— Так, папаша! — строго окликнула Дмитрия медсестра. — Довёл жену до истерики, доволен? Быстро домой!
— Да-да, — закивал Дмитрий. Он медленно и неловко поднялся с банкетки, точно девяностолетний дед, и пошёл по коридору.
Алёша стоял у окна и смотрел на улицу.
— Пойдём, Алексей, — тихо сказал он.
— Почему она заплакала? — прошептал Алёша.
— Просто нервничает. Переживает за твою сестрёнку. Идём.
Кладбищенская колыбельная
— Это ошибка! Ошибка! Этого не может быть! — Лидию не покидало ощущение, что происходящее — не то жестокий розыгрыш, не то сон.
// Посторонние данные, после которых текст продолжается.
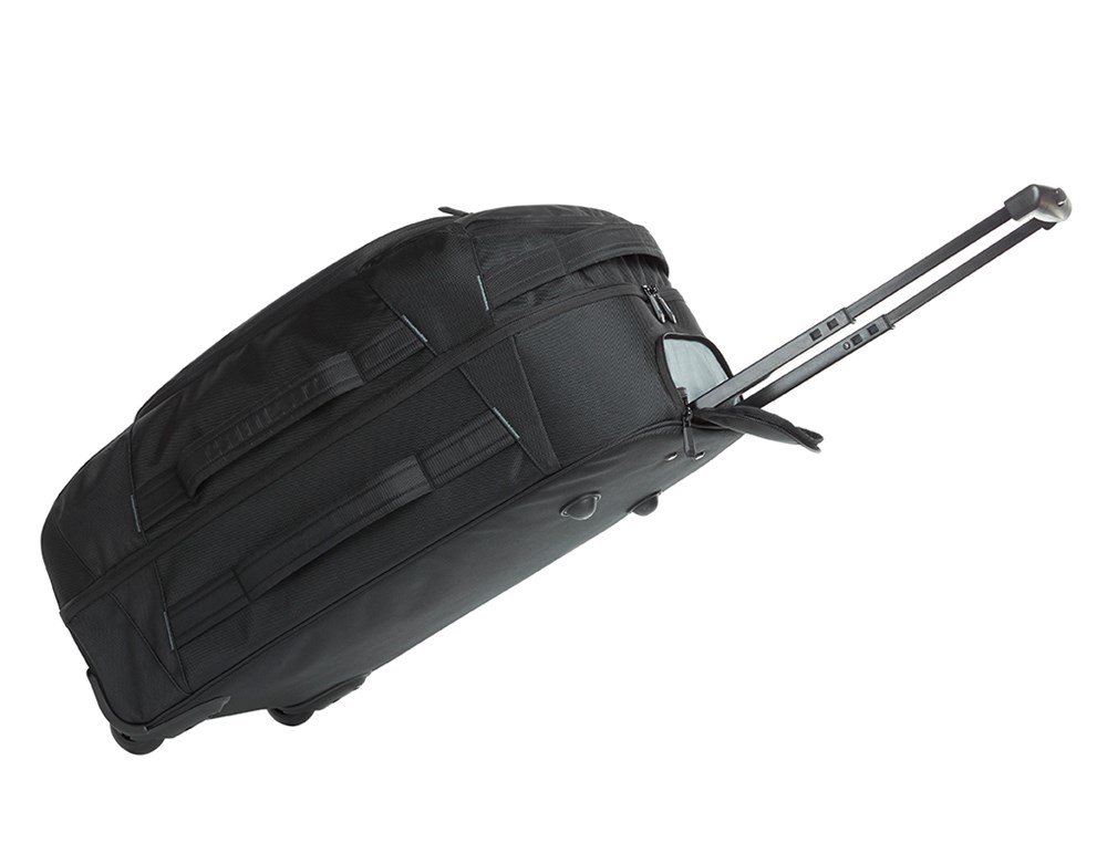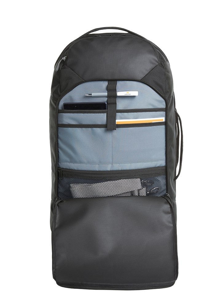 luxueus afgewerkte rolreistas met reflexbeleg; hoofdvak met drievoudige meerwegsluiting; hoofdvakbovenkant met scheidingswand met ritssluiting; hoofdvakonderkant met elastische pakriemen; kleine voortassen met kleurige ritssluitingschuiver; groot voorvak met 2-wegritssluiting; verstevigd, plat insteekvak; twee kleine insteekvakken; groot netvak met ritssluiting en elastische lus; verstevigde draaggrepen; versterkte bodem; met noppen aan de bodem; telescoopgreep; lichte looprollen
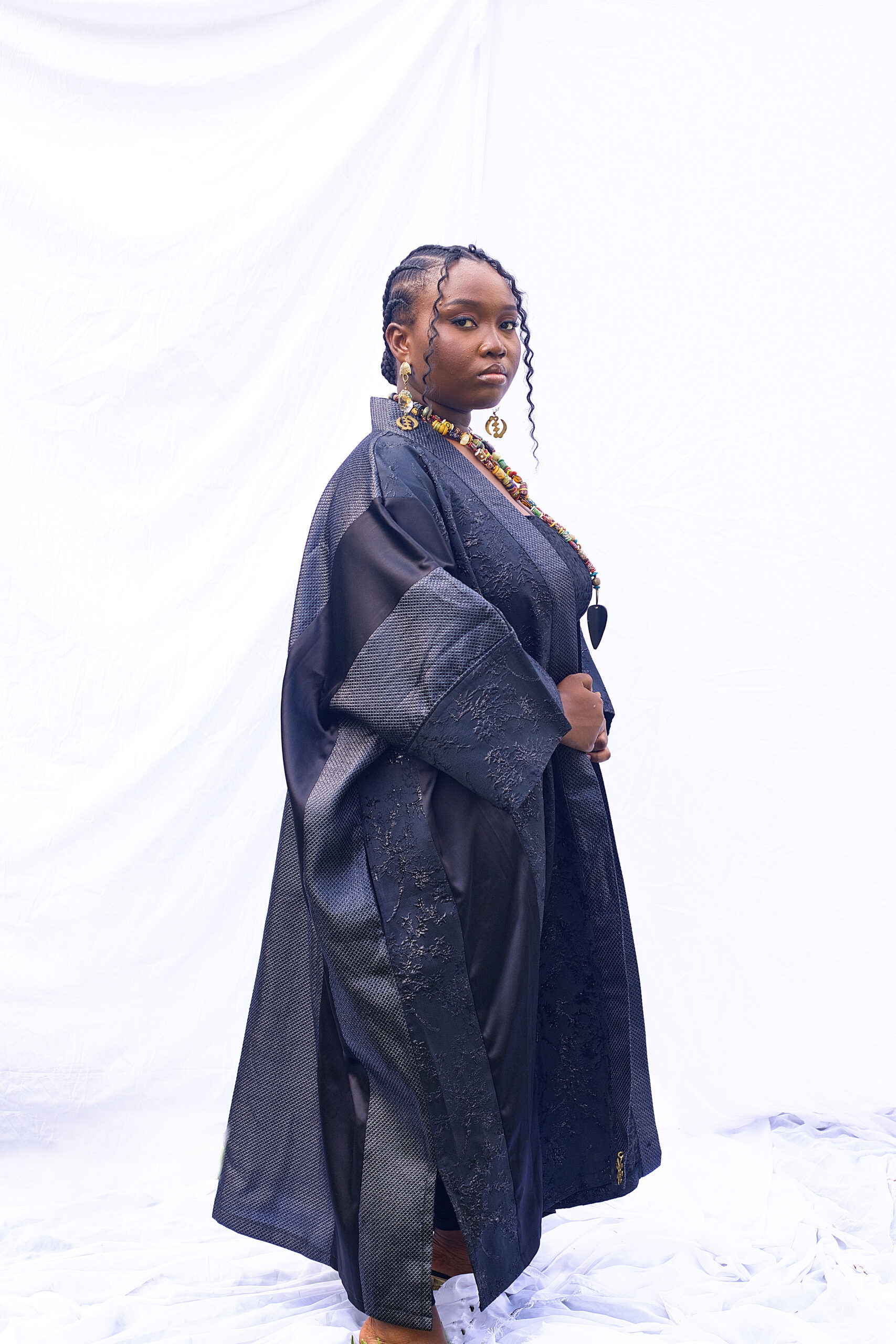The Anika Kimono radiates opulent elegance and timeless sophistication. Woven in luxurious silk-brocade, its rich texture and subtle shimmer reflect light and depth in every fold. Cut in a graceful, open-kimono silhouette, it drapes effortlessly, offering both structure and ease.

— Девушка, я вас понимаю и сочувствую, но тут никакой ошибки нет. Ваш супруг, Воронцов Дмитрий Сергеевич, и его младший брат, Воронцов Алексей Алексеевич, погибли в автокатастрофе.
Она смотрела на профессионально-скучное лицо полицейского, который пытался натянуть маску сочувствия, слушала его слова про катастрофу, занос, грузовик, а в голове у неё перекатывались, сталкиваясь с сухим костяным звуком, последние слова мужа: «Я не могу иметь детей… Я люблю тебя и нашего ребёнка…»
— Зачем? — прошептала она.
— Простите? — официальный голос вернул её к реальности.
— Куда же я теперь?..
— Вы не москвичка? А супруг? У вас есть родственники? Знакомые? Свяжитесь с ними, не затягивайте. Одна вы не справитесь…
* * *
Она справилась.
И вот, три года спустя, она стоит над двойной могилой. С чёрной плиты на неё смотрят два лица в овальных рамках: сдержанно улыбающийся Дмитрий и отрешённо-серьёзный Алёшка. Связанные противоестественным родством, они окончили земной путь одновременно. Была ли забравшая их катастрофа несчастливой случайностью, или Дмитрий, устав от переполняющих его жизнь позорных секретов, решил покончить со всем разом — этого уже никто никогда не узнает. Земля безралично приняла в себя стыдную семейную тайну.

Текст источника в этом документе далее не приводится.